Mausoleum 2069
Page 9
“Mr. Wyman, we’re seventeen flights up. Seventeen flights down sits Air Force Six, our way of getting out of this god-forsaken place. We can be down there within seconds at the touch of a button.”
“We can also be dead,” he told him. “I’m just saying that we need to use good judgment and prudence.”
“By wasting time when time is not a luxury. I don’t think so.” Without anything further to add, President Michelin took it upon himself by depressing the button with his thumb.
The elevator began to whir, and then rise to their level.

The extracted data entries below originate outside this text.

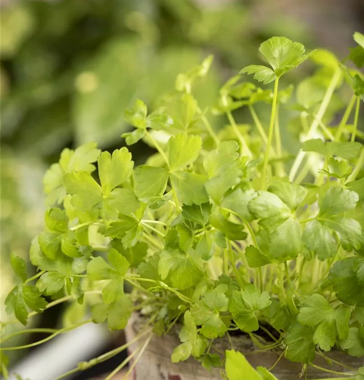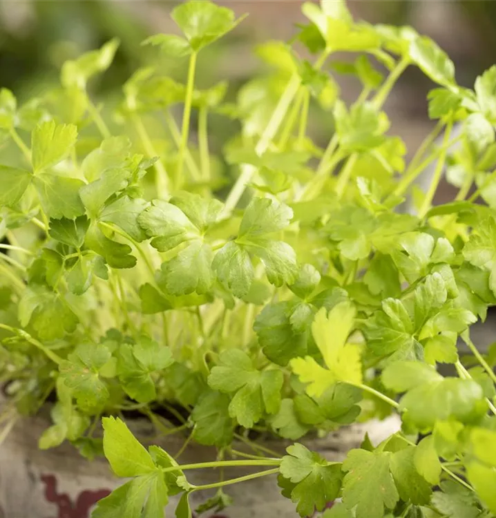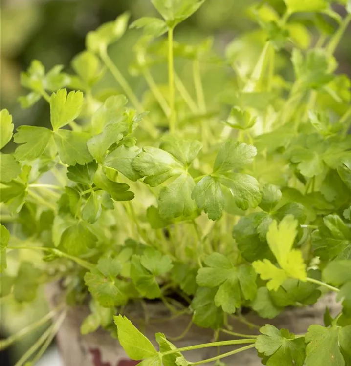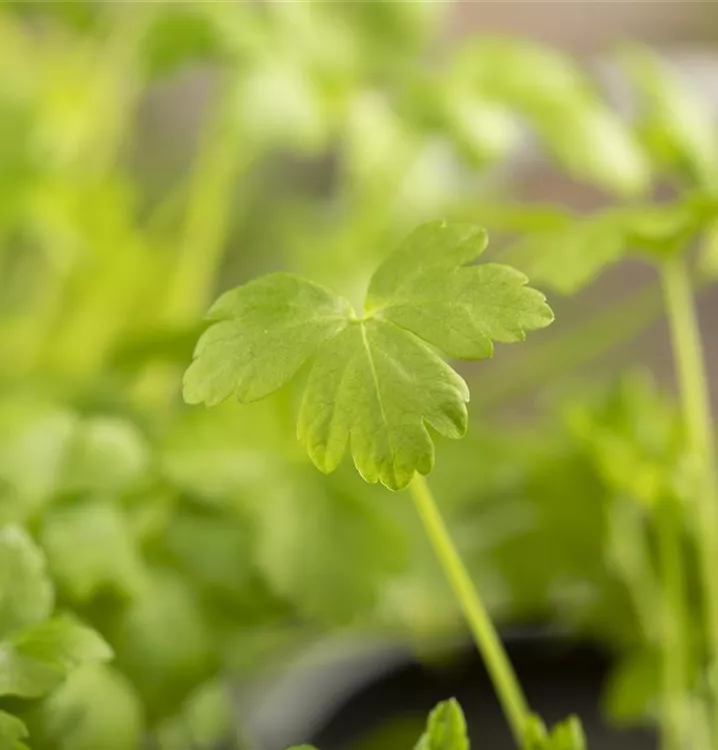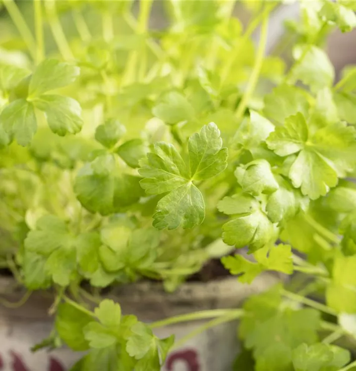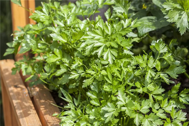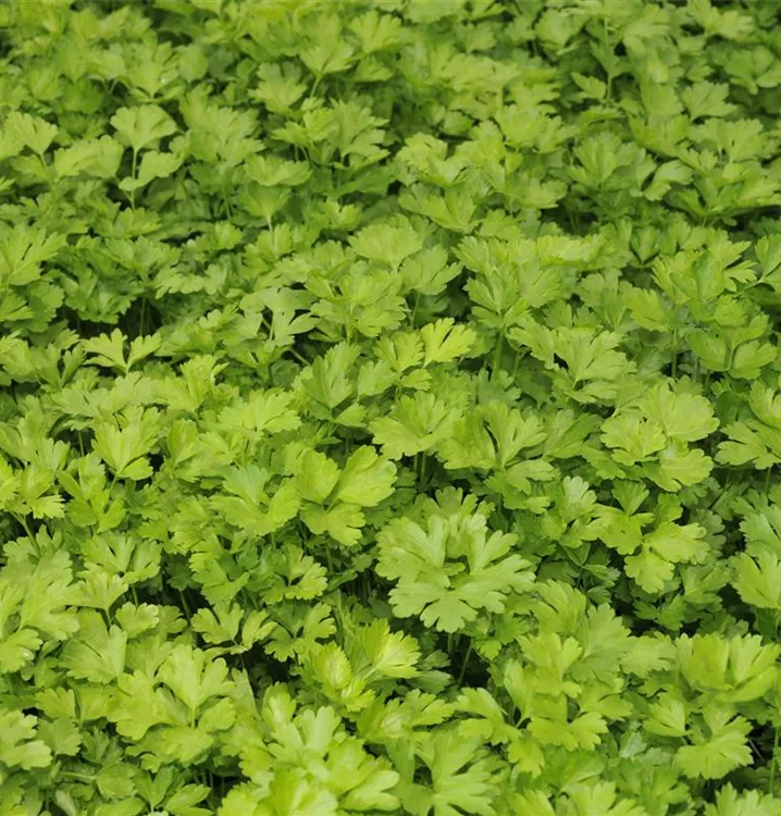 Ein wahres Multitalent wächst mit der Glatten Petersilie im Kräutergarten oder auch auf der Fensterbank. Nicht nur Speisen lassen sich mit der Glatten Petersilie verfeinern, auch der pharmazeutische Nutzen der zweijährigen Pflanze ist beachtlich. Petersilie wird am besten auf einem nährstoffreichen Lehmboden ausgesät. Die Wurzeln können bis 15 cm lang werden und lassen sich ebenfalls als Gewürzmittel verwenden. Gönnen Sie der Glatten Petersilie einen sonnigen Standort und halten die Erde gleichmäßig feucht, dann kann nach wenigen Wochen die Erntezeit beginnen.
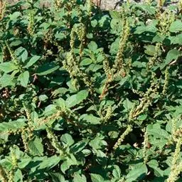 反枝苋是苋科苋属的一年生草本植物。株高达1米;茎密被柔毛;叶菱状卵形或椭圆状卵形,先端锐尖或尖凹,…
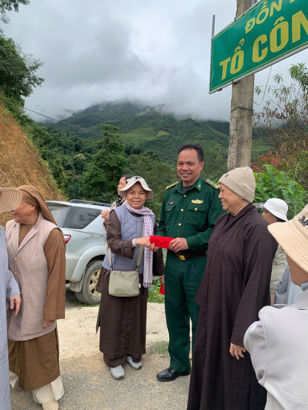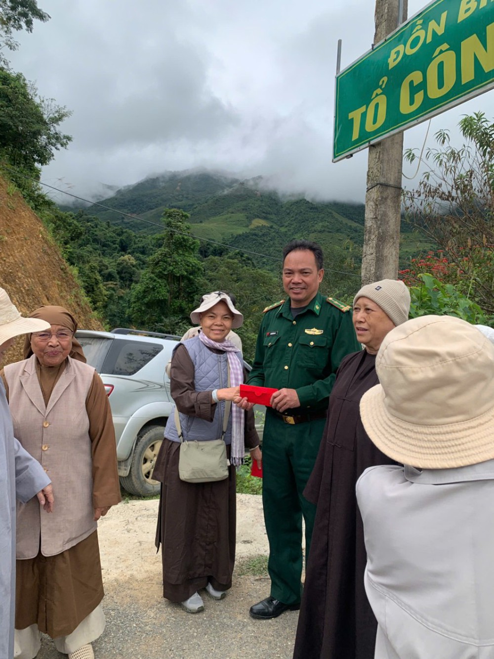 Chiều 24/10, tại Bảng Tiền Tiêu, Nậm Cắn, Kỳ Sơn, tỉnh Nghệ An chư Tôn đức Ni đã thăm hỏi và trao tặng 150 suất quà (mỗi suất gồm 700 ngàn đồng và 01 phong bì tiền mặt 500 ngàn) tới các gia đình có hoàn cảnh khó khăn sau cơn bão lũ. Nhân đây, đoàn đã tặng Biên phòng Nậm Cắn 01 tủ lạnh 280 lít trị giá 4.500.000 đồng.
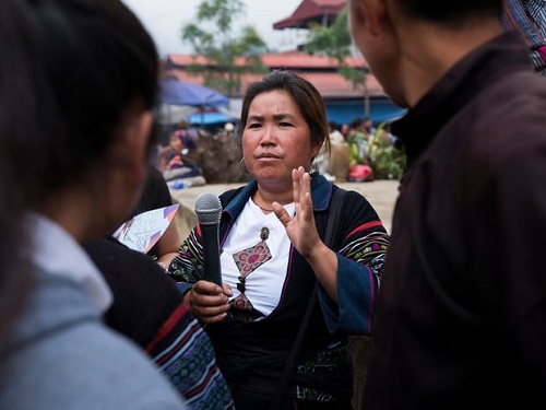 "Có bao nhiêu người ở đây đã mất con gái, mất chị em gái, mất hàng xóm?" bà vừa khóc vừa nói. Mỗi tuần một lần, bà có mặt tại buổi vận động do tổ chức phi chính phủ chống buôn người Vòng tay Thái bình của Mỹ và chi cục Phòng chống tệ nạn xã hội Lào Cai hỗ trợ. Giọng của bà Sương thu hút người đi đường.

Michelin held up his thumb as if it was something magical. “Simple,” he said.
But Eriq disagreed. You fool!
#
It had taken time for the creature encased inside a walled tomb to kick its way out.
At first the wall cover held. Then over time, cracks and fissures appeared along the stone plate, the lines dividing the characters of letters inscribed upon it.
Loving Mother of Sheena
In time, the marble plated memorial broke with pieces flying everywhere, the letters scattering about the floor like pieces of a puzzle. The words Loving Mother of Sheena were no longer legible, but cryptic.
Then it worked its way free and took to the hallway, looking up, then down, to its left, and then to its right, the thing trying to get a fix.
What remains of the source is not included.